I have built a model to train a convolutional autoencoder in TensorFlow. I followed the instructions on Reading Data from the TF documentation to read in my own images of size 233 x 233 x 3. Here is my convert_to() function adapted from those instructions:
def convert_to(images, name):
"""Converts a dataset to tfrecords."""
num_examples = images.shape[0]
rows = images.shape[1]
cols = images.shape[2]
depth = images.shape[3]
filename = os.path.join(FLAGS.tmp_dir, name + '.tfrecords')
print('Writing', filename)
writer = tf.python_io.TFRecordWriter(filename)
for index in range(num_examples):
print(images[index].size)
image_raw = images[index].tostring()
print(len(image_raw))
example = tf.train.Example(features=tf.train.Features(feature={
'height': _int64_feature(rows),
'width': _int64_feature(cols),
'depth': _int64_feature(depth),
'image_raw': _bytes_feature(image_raw)}))
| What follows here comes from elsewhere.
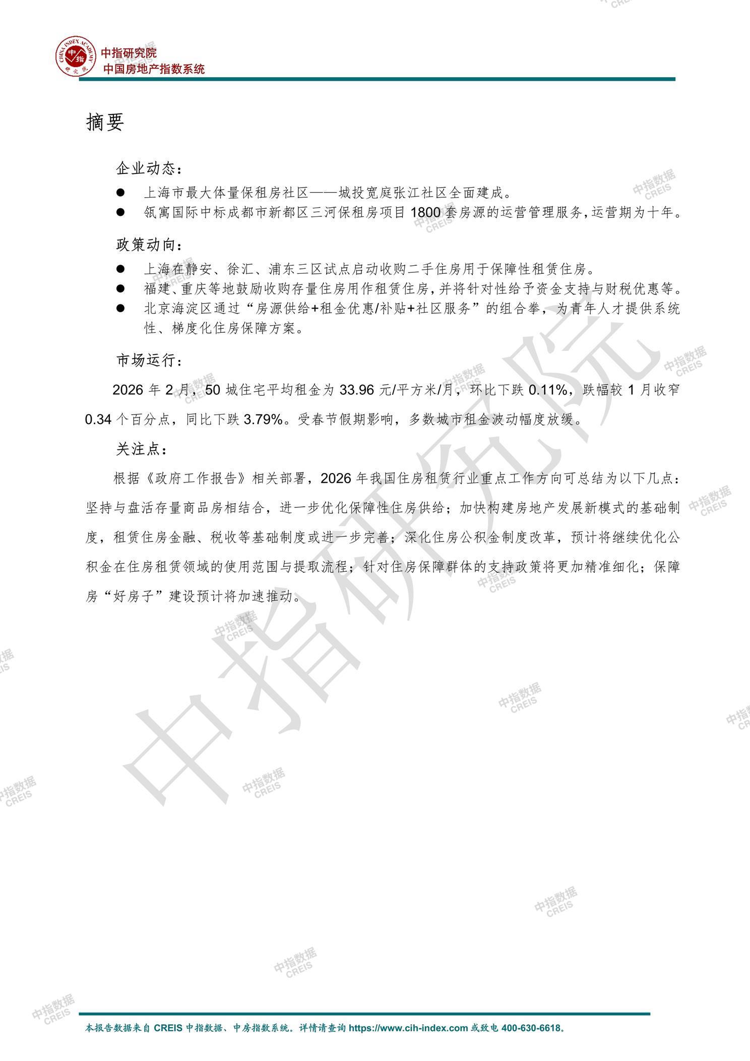 [摘要] 2026年2月中国住房租赁市场呈现以下特点:政策层面,中央及地方持续推动保障性租赁住房发展,上海、福建等地试点收购存量房转保租房,北京、成都等地推出青年人才安居补贴。市场运行上,50城住宅平均租金环比微跌0.11%至33.96元/平方米/月,同比降3.79%,春节假期使波动趋缓。企业格局中,万科泊寓以19.29万间开业规模居首,TOP30企业总开业量达143.6万间,地方国企占比提升至25%。动态方面,上海城投宽庭张江社区等保租房项目集中入市,瓴寓国际中标成都保租房运营项目,租赁ABS及REITs融资活跃,如浦开集团36.5亿元ABS获批。行业重点将围绕盘活存量房、完善基础制度、公积金改革及“好房子”建设展开。 【此内容为AI自动生成】

writer.write(example.SerializeToString())
writer.close()
When I print the size of the image at the start of the for loop, the size is 162867, but when I print after the .tostring() line, the size is 1302936. This causes problems down the road because the model thinks my input is 8x what it should be. Is it better to change the 'image_raw' entry in the Example to _int64_feature(image_raw) or to change the way I convert it to a string?
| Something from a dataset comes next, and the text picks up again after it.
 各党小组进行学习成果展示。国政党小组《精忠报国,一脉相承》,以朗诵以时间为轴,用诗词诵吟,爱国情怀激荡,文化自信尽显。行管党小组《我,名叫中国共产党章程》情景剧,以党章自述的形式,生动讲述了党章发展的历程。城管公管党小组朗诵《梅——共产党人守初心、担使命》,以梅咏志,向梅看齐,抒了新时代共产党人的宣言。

Alternatively, the problem could be in my read_and_decode() function, e.g. the string is not properly being decoded or the example not being parsed...?
def read_and_decode(self, filename_queue):
reader = tf.TFRecordReader()
_, serialized_example = reader.read(filename_queue)
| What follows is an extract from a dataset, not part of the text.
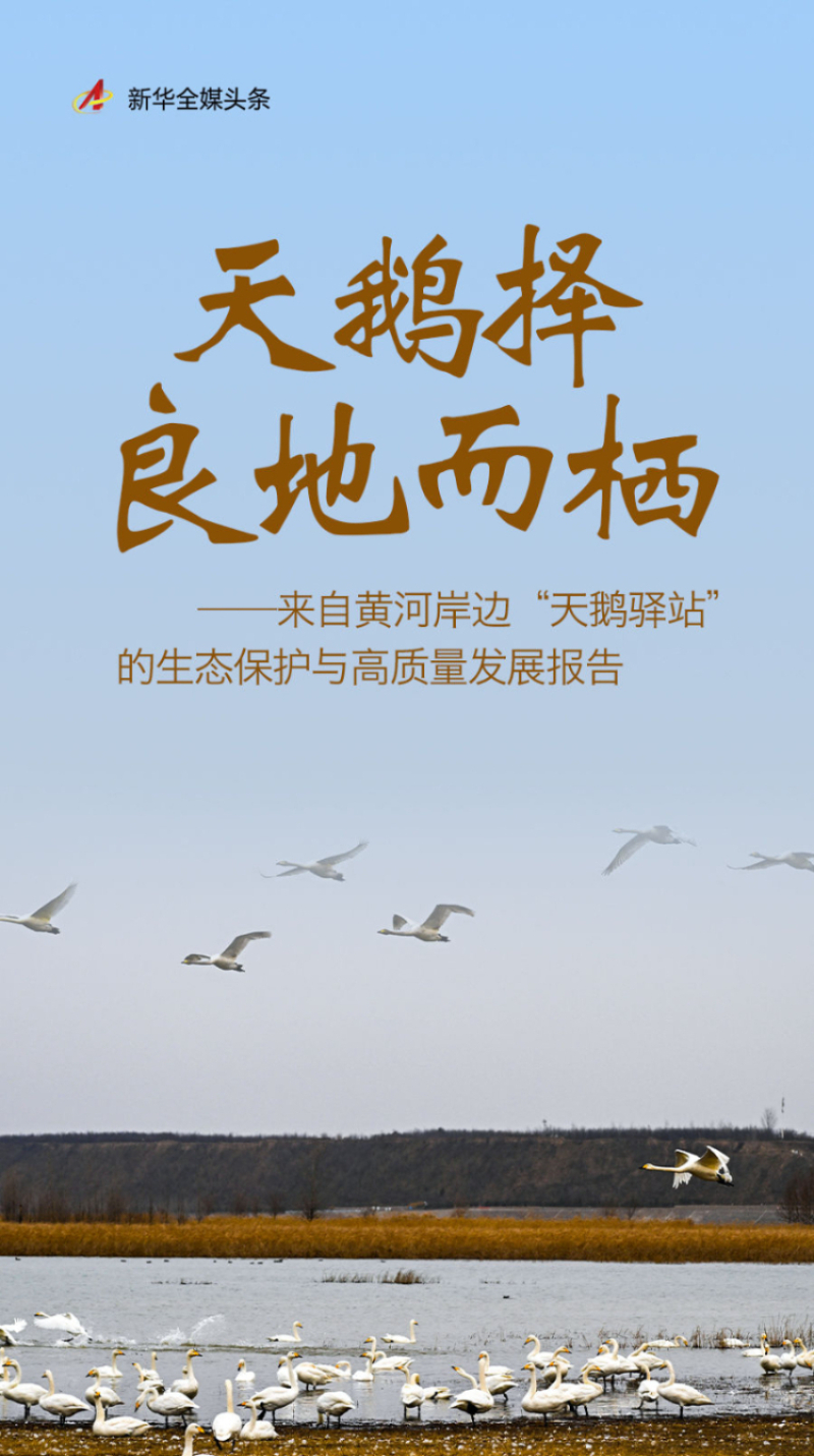 眼下,正值黄河湿地天鹅数量的峰值期。万顷湖天碧,一池雪花白,勾勒出人与自然和谐共生的美好画卷,也见证着黄河两岸生态保护和高质量发展的显著成效。

features = tf.parse_single_example(
serialized_example,
features={
'height': tf.FixedLenFeature([], tf.int64),
'width': tf.FixedLenFeature([], tf.int64),
'depth': tf.FixedLenFeature([], tf.int64),
'image_raw': tf.FixedLenFeature([], tf.string)
})
# Convert from a scalar string tensor to a uint8 tensor
image = tf.decode_raw(features['image_raw'], tf.uint8)
# Reshape into a 233 x 233 x 3 image and apply distortions
image = tf.reshape(image, (self.input_rows, self.input_cols, self.num_filters))
image = data_sets.normalize(image)
image = data_sets.apply_augmentation(image)
return image
Thank you!